The current chapter introduces the basic concepts of the sufficiency that are structurally very similar to the ones presented for the analysis of necessity. As it will be unfolded in the next sections, especially in the conceptual description, necessity and sufficiency are two complementary and actualy mirrored concepts. For this reason, much of the common details are left out to concentrate on the important differences.

Just like necessity statements, the literature abounds with claims or hypotheses involving the sufficiency of a cause or a configuration of causes over an outcome of interest. When studying an outcome of interest, necessity statements are important but sufficiency hypotheses resemble the most what we usually conceptualize in terms of causes and effects.

It is therefore not a coincidence that sufficiency statements are denoted by the forward arrow “$\rightarrow$” sign. Given a cause X and an outcome Y, the statement “X is sufficient for Y” is written as:

\[\mbox{X} \rightarrow \mbox{Y}\]

6.1 Conceptual description

Just like in the case of necessity, the sufficiency claim can be graphically represented by a subset / superset relation, as in the Venn diagram from figure 6.1. If X is a sufficient condition for Y, then whenever X is present, Y is present as well.

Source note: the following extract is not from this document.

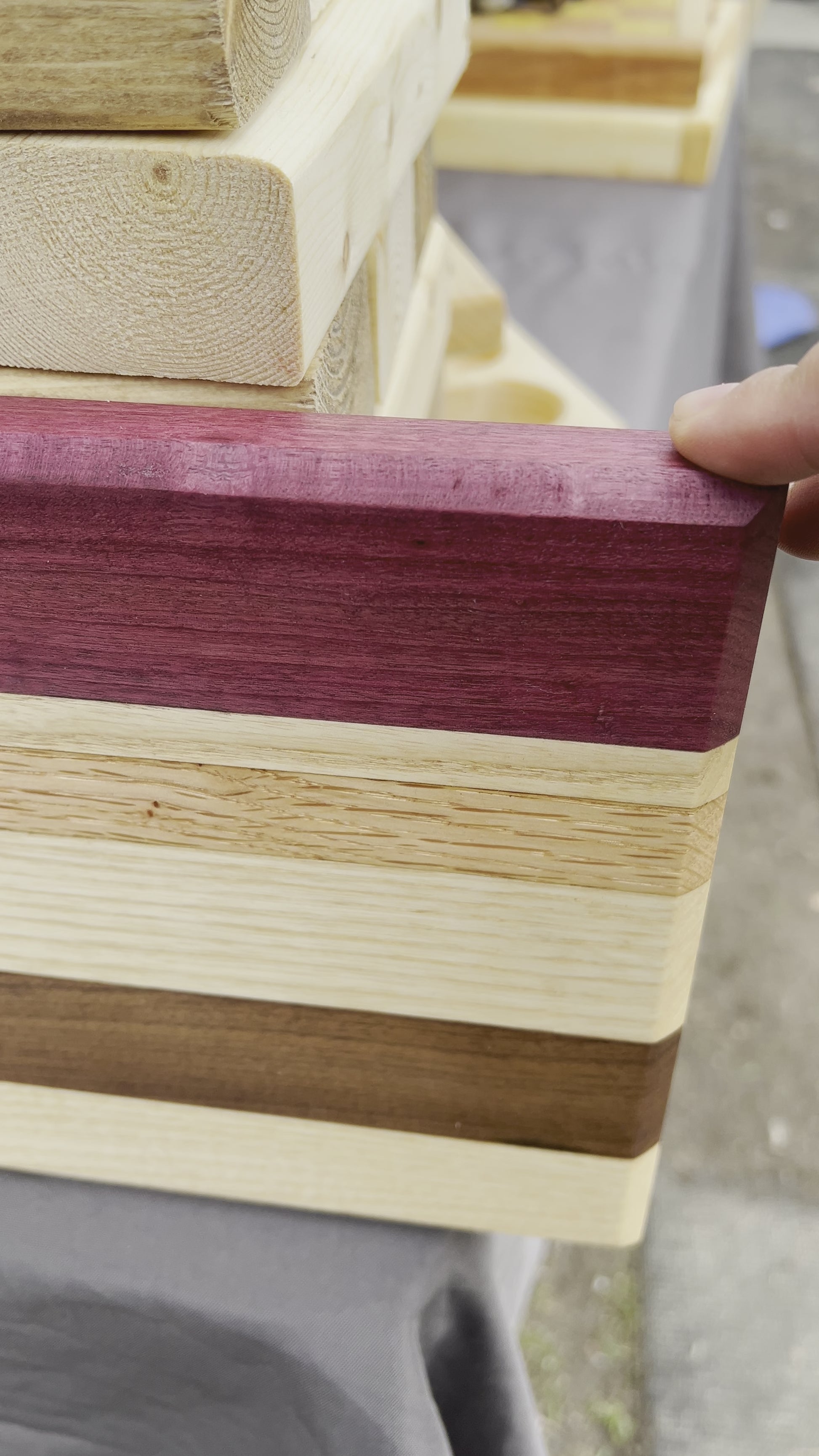 1”x8”x16” cutting board or charcuterie board. Made up of purpleheart, walnut and ash hardwoods. Added a 3/4” chamfer bevel for easy pick up all the way around the board. Finished with a food safe mineral oil

$X $\rightarrow$ Y: causal condition X sufficient for the outcome Y$

Figure 6.1: X $\rightarrow$ Y: causal condition X sufficient for the outcome Y

In terms of set relations, in the sufficiency claim Y is a superset of X, which means that X is never present in the absence (outside) of Y. When this relation is met, whenever X is present, Y is also present: there are situations where Y is present in the absence of X, but in every situation where X happens, Y happens as well. In other words, if we know that X is present, it is guaranteed that Y will be present as well (as a sufficient condition, X guarantees Y to happen).

The fact that Y is a bigger set than X (and it usually is the case) is an indication that no single condition explains all of Y. There might be other conditions, or other combinations of conditions which can explain the rest of the set Y, and the only possible way that X would cover all of Y is the situation when X is both necessary and sufficient for Y, a situation when both sets are equally large.

The complementarity between necessity and sufficiency relations becomes evident from yet another perspective: if X is a sufficient condition for Y, then the absence of the condition X is a necessary condition for the absence of Y. In terms of set representations, if X is a subset of Y then $\sim$X covers a much larger region than $\sim$Y, therefore $\sim$X is a superset of (necessary for) $\sim$Y. For binary crisp sets, the same thing can be represented using 2 $\times$ 2 crosstables:

$X $\rightarrow$ Y (left) and $\sim$X $\leftarrow$ $\sim$Y (right)$

Figure 6.2: X $\rightarrow$ Y (left) and $\sim$X $\leftarrow$ $\sim$Y (right)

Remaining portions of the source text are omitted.